Sexual harassment agenda strays from equal treatment
By Cathy Young Detroit News
January 20, 1999
No child should have to endure what 10-year-old La-Shonda Davis apparently en-dured from a classmate: The boy not only made obscene gestures and comments about wanting to “get in bed” with her but grabbed her chest and her genitals — while the school ignored repeated complaints from the girl’s parents. So why do I think the Supreme Court, which heard arguments on the parents’ sexual harassment lawsuit against the school district last week, should affirm the lower court decision throwing out the case?
First, the concerns expressed by some of the justices — as Justice David Souter put it, “There is no way to draw a line between every act of teasing and a federal court action” — are valid and serious. With sexual harassment in the workplace, a 1986 Supreme Court ruling in a case that involved charges of repeated sexual assaults by a boss on a subordinate established a legal doctrine that is now used to go after stray off-color remarks.
The same blending of serious and trivial offenses is likely to happen in schools. A 1994 American Association of University Women (AAUW) report on harassment in schools counted sexual jokes and comments as sexual harassment. Already, school workshops use lists of harassing behaviors ranging from rape to winking or calling someone “honey.” In some districts, tots as young as 7 are taught that if another child uses swear words about their buttocks, the proper response is to say, “Stop it! That’s sexual harassment, and sexual harassment is against the law.”
Of course, such rigid policies are even more dangerous in schools than on the job, because some teasing and roughhousing is a normal part of interaction between children.
The other problem is that harassment law treats sexual misconduct not as individual abuse but as sex discrimination.
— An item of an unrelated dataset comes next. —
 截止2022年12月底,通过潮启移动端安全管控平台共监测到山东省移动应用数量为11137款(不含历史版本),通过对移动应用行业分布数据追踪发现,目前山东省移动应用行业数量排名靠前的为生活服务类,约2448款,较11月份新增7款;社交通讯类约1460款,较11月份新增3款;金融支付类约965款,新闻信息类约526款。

The National Women’s Law Center, which is backing the lawsuit, argues that to ensure equal opportunity in education (as required by Title IX of the 1972 education amendments), girls must be protected from sexual harassment by peers.
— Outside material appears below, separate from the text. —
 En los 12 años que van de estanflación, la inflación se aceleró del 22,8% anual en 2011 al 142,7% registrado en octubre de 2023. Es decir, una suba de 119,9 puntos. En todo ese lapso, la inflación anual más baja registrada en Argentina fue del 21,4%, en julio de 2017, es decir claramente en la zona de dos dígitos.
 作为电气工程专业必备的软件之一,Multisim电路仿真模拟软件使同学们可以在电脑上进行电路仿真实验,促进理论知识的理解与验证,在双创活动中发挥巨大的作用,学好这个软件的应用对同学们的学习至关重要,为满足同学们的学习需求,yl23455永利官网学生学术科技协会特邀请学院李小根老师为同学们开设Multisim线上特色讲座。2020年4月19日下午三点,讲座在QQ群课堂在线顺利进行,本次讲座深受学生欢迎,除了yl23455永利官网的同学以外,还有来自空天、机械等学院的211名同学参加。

But does it make sense to speak of girls being denied equal opportunity when they’re doing better in school than boys? Girls are less likely to drop out of school and to cut classes; surveys find that they are more likely to perceive the school climate as supportive. About 7 percent of school children report not feeling safe in school; in that group, there are somewhat more boys than girls.
Furthermore, sexual teasing in schools is very much a two-way street. The AAUW survey found that 85 percent of girls and 76 percent of boys had been “sexually harassed,” and that many “victims” had also been “perpetrators” — though the advocates’ new spin on these inconvenient facts is that the girls are only retaliating against harassment by boys.
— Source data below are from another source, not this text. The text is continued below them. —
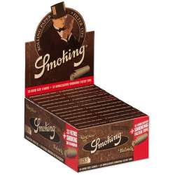 Descubre la caja de papel de liar Smoking Brown King Size y filtros de la reconocida marca Smoking. Esta caja contiene 24 librillos, cada uno con 33 hojas ultrafinas de 44mm de ancho y 33 filtros de cartón que proporcionan una experiencia incomparable. Fabricados con papel de la más alta calidad y diseñados para una combustión lenta y uniforme, estos papelillos permiten disfrutar al máximo del sabor y aroma de tu hierba favorita.
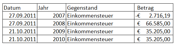 Es ergaben sich folgende steuerlichen Auswirkungen:
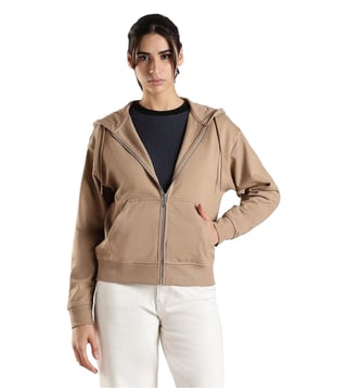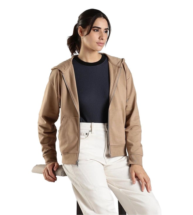 CALVIN KLEIN JEANS Light Brown Cotton Regular Fit Hoodie
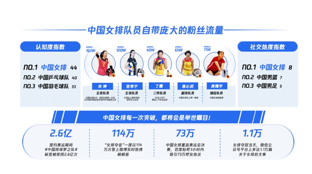 2016年里约奥运会,女排夺冠时刻用户关注度最高尤其临近夺冠时刻,更飙升至近70%。这样的数据不仅在女排这项运动中是一个惊人纪录,即便是放在很多比赛中,同样还是一个难以逾越的纪录。当时的微博话题#中国排球梦之队#的阅读量超过2.6亿,讨论超过23.6万条。网络搜索“中国女排里约奥运会夺冠”,相关结果超过445万个。在今年世界女排国家联赛香港站中国女排与意大利的比赛中,中国女排在0比2落后的情况下又一次完成了经典逆转,该场比赛也毫不意外地成为当天央视体育频道收视率之最。在中国女排团队收获大量关注的同时,很多女排队员也受到了越来越多年轻人的喜爱,其中更有众多自带“饭圈文化”属性的粉丝。
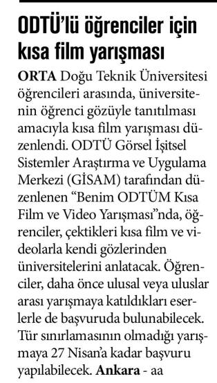 ODTÜ'LÜ ÖĞRENCİLER İÇİN KISA FİLM YARIŞMASI

In many egregious cases, victims and victimizers are of the same sex. A few years ago, a Los Angeles Times reporter looking into an eighth-grader’s lawsuit over vicious sexual teasing by her schoolmates discovered that while the charges focused on boys’ behavior, the worst abuse came from other girls.
Arguably, schools have an obligation to protect children from bullying, sexual or not. It certainly makes sense that schools should be liable for failing to protect children from criminal assaults, including sexual battery (of which LaShonda’s tormentor was eventually convicted in juvenile court). Whether the federal courts should be involved is another matter. What doesn’t seem right is to give redress under civil rights laws to a girl who is sexually abused by a boy but not to a boy who is brutally beaten by his schoolmates.
The goal of the crusade against sexual harassment in schools is not to promote civility and discipline; it is to promote a polarizing gender agenda. Christina Hoff Sommers, the author of Who Stole Feminism? who is now writing a book about boys, notes that the gender-equity wardens are inclined to view boys mostly as “a menace to girls.” Our children, boys and girls, deserve better.